Prison Noir by Joyce Carol Oates


  Two people looked up to greet her, saw the sleep-grump lines etched in her cheeks, nodded, and looked away. Frankie circled the small room trailing her fingers along the wall. Counted her steps. Maybe the place shrunk. Maybe her steps were longer. Size and shape were relative things in jail—and why not? Something had to shift and change. Certainly wasn’t the people. Exact same ones were posted in their specific positions. God help a girl if she sat in someone else’s spot. Frankie kept circling, feeling the room slither around her, tightening. Wednesday Thursday Friday Saturday Sunday Monday. Would they come for her Monday morning? Or make her sweat through till Tuesday?

  Or shove her out Sunday, push her heathen ass out on the day of their Lord?

  She joined the dancers, her long body shifting through the steps with graceful curves. But she couldn’t lose herself in it. Couldn’t find herself in it either. Lost in a jailhouse limbo. She jerked to a stop. “We need more space. More air. Hey, let’s put all the stupid furniture outside and get something happening.”

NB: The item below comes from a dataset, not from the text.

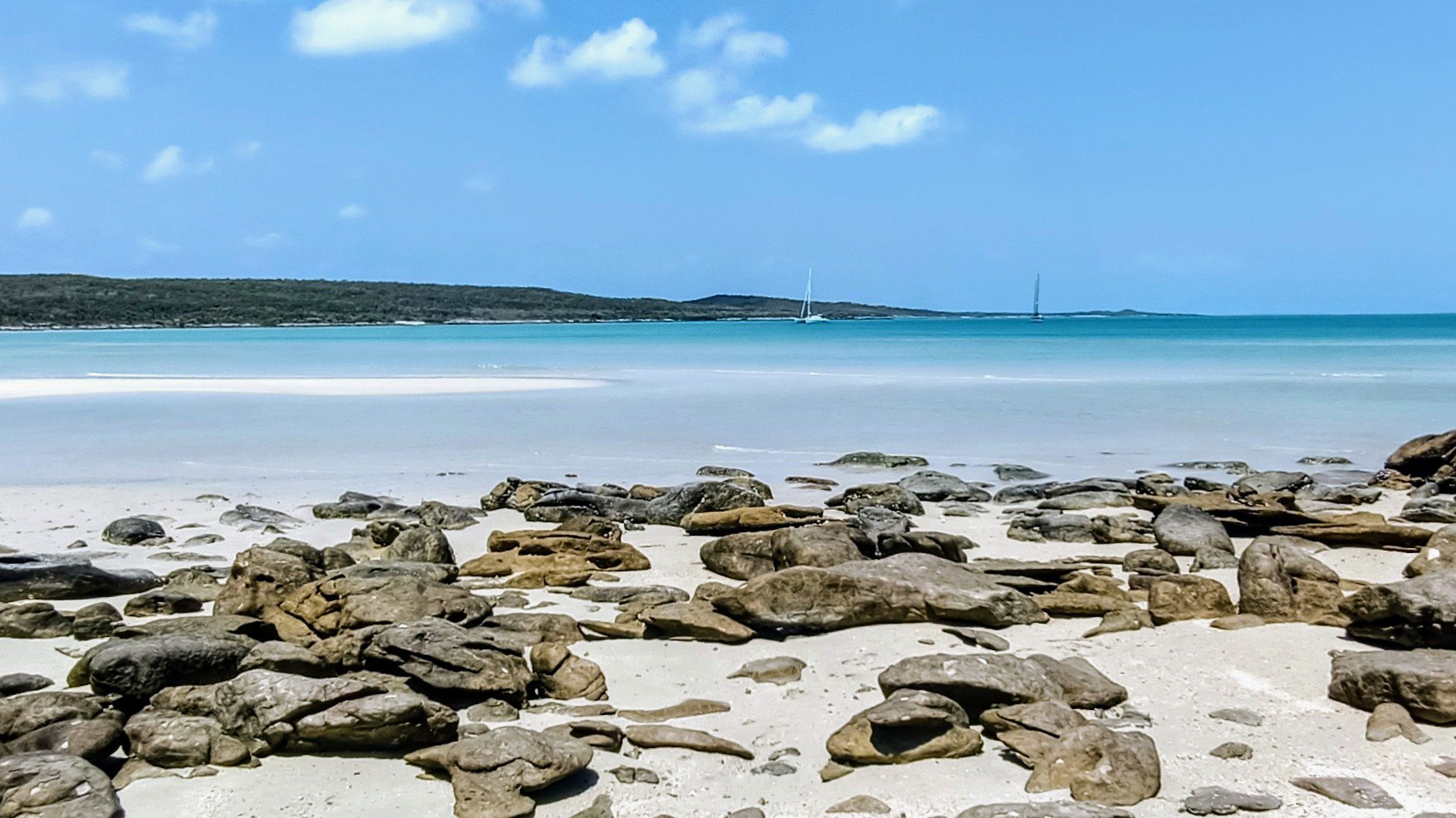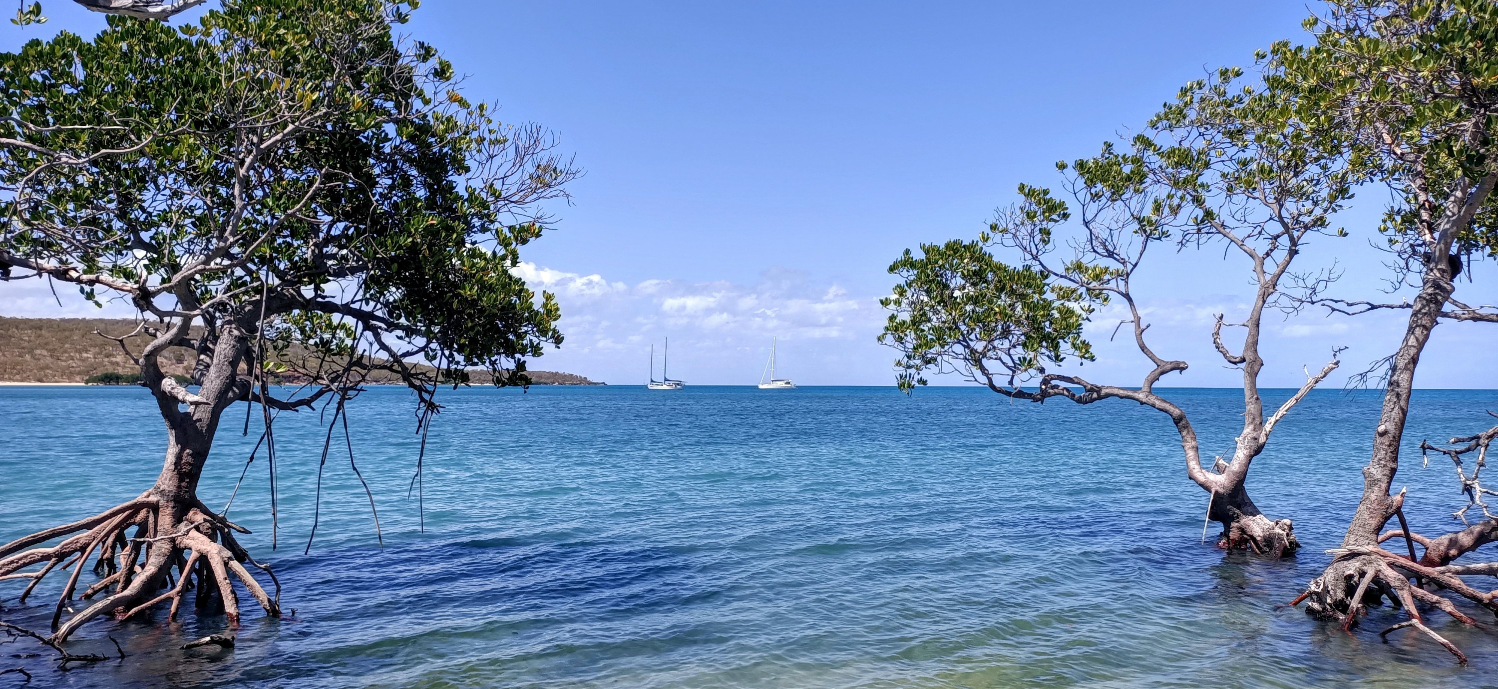 After leaving Darwin, we’d had to wean ourselves from the constant need to have internet access on our mobile phones. After a few weeks, the lack of easy communication became a relief as we found ourselves reverting to use it for the purpose of clock, E book and camera. As we came closer to where ‘civilization’ began again, our internet reception returned albeit intermittently, teasing us by downloading messages but not the attached photos and videos, or allowing us to reply.  After motor sailing over 1600 miles since Darwin, we now have another 1000+ miles left to reach Brisbane. We’re hoping for some north easterly winds to come in soon, the first following wind we’ll  experience since before leaving India. We’re not putting pressure on ourselves by setting time schedules but are looking forward to relaxing more once we are clear of cyclone areas.

  “Ladies. Ladies. Turn that music down right now. This isn’t a dance hall.”

  Frankie opened her mouth, shut it. Counting the days.

  The guard had her hands on her hips, staring at Frankie. Waiting. She turned away with a smug little grimace. “That’s right.” Her feet thudded away down the hall back to Control.

  Jaykey muttered, “Ooh, Frankie. Glad ya buttoned it, angel.”

  “I get real fuckin tired of her shit, yunno.”

  Charlene came over. “Frankie? Could you ask her what goin on wit Rodeo?”

  “Not me, Charlene. I don’t generally open conversation with them,” Frankie said. “It’s a waste of breath.”

  Charlene pulled herself up to her full four foot nine inches. “I gotta know. I’ma go ask her.” She walked slow, looking back over her shoulder.

  The guard stepped out of Control, her eyes slitty. “Yeah, Charlene? What they put you up to now?”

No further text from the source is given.